The mild procedure treats LSS by removing hypertrophic ligamentum flavum, which helps restore space in the spinal canal. The restoration of space reduces pressure on the nerves, reduces pain, and improves mobility. The procedure is performed through a 5.1 mm treatment portal via a posterior approach using live fluoroscopy. This method and the mild instruments are designed to debulk tissue while maintaining the integrity of the ventral fibers of the ligamentum flavum by staying posterior to the thecal sac. The epidurogram is a key safety feature since it allows the physician constant visualization of the treatment area throughout the procedure. Another key safety feature is the minimally invasive design of the procedure itself, which requires no general anesthesia, no implants, no stitches, and is performed in about one hour.

mild has been performed on over 15,000 patients and has been proven to be safe and effective in 11 clinical studies and more than 16 peer-reviewed journal articles. Clinical studies show that mild can help LSS patients stand longer and walk farther with less pain1 and no major complications related to the devices or the procedure have been reported.2

Physicians are required to be certified to perform the mild procedure. Certification training is conducted at Vertos Medical's headquarters/training center in Aliso Viejo, CA, and includes sessions focused on patient selection, clinical data, and hands-on technique. Enrollment is limited; if you are interested in more information about the mild training program, please contact us.

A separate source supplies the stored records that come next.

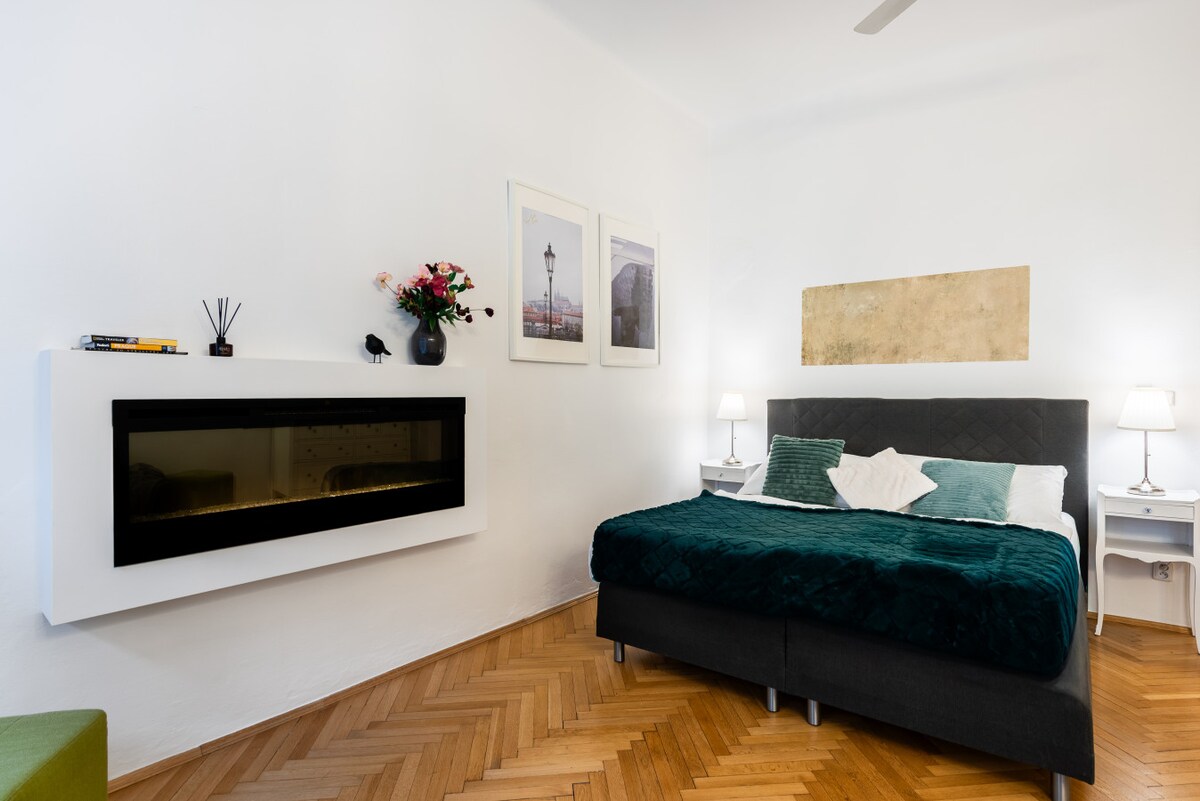 歡迎來到布拉格市中心的總統公寓 這間優雅的一臥室公寓非常適合希望在靠近主要景點餐廳和公共交通的中心位置尋求時尚住宿的情侶入住 臥室配有浪漫的獨立浴缸。公寓還提供獨立浴室,配有步入式淋浴間、起居區、設備齊全的廚房和工作空間 窗戶面向街道公寓位於二樓沒有電梯
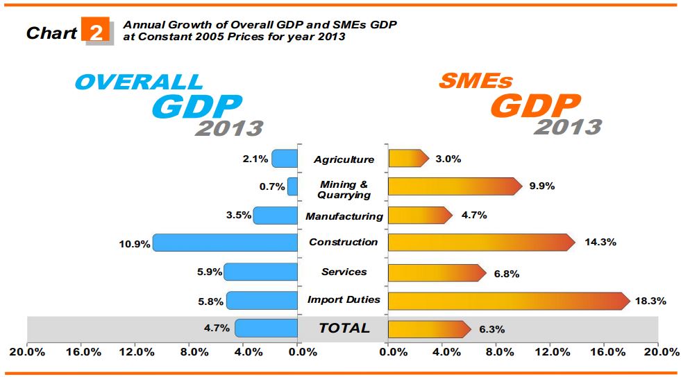 In 2013, the growth of SMEs GDP strengthened to 6.3 per cent as compared to the growth of Overall GDP at 4.7 per cent as shown in Chart 2. The growth of SMEs GDP was supported by positive momentum across all sectors with Services, Manufacturing and Construction being the major contributors. These sectors accounted for 88.8 per cent to total SMEs GDP.
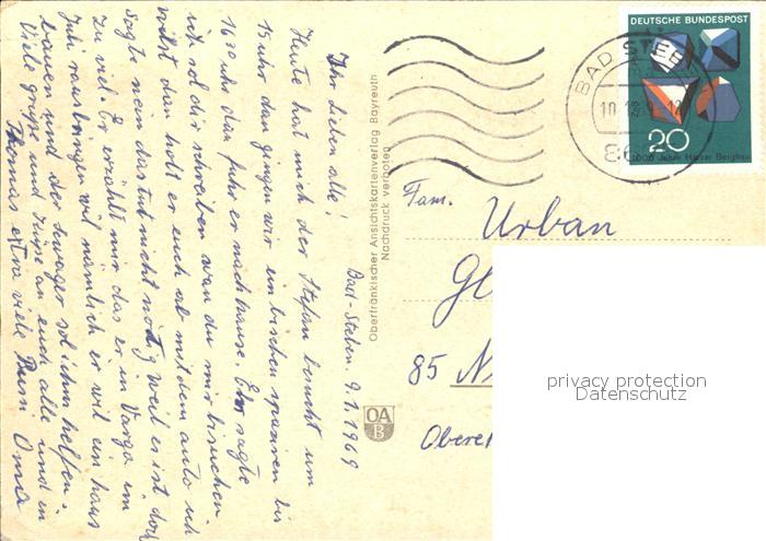 72304495 alte Postkarte Bad Steben Alte Wehrkirche Neue Kirche Schwanenteich Schlosshotel postalisch gelaufen Erhaltung siehe scans KatCode: 11110009475112

To learn more about how mild helps LSS patients, click here.

Important Safety Information
Although the complication rate for the mild procedure is low, as with most surgical procedures, serious adverse events, some of which can be fatal, can occur, including heart attack, cardiac arrest, stroke, and embolism. Other risks include infection and bleeding; spinal cord and nerve injury that can, in rare instances, cause paralysis. This procedure is not for everyone. Physicians should discuss potential risks with patients. For complete information regarding indications for use, contraindications, warnings, precautions, adverse events, and methods of use, please reference the devices' Instructions for Use.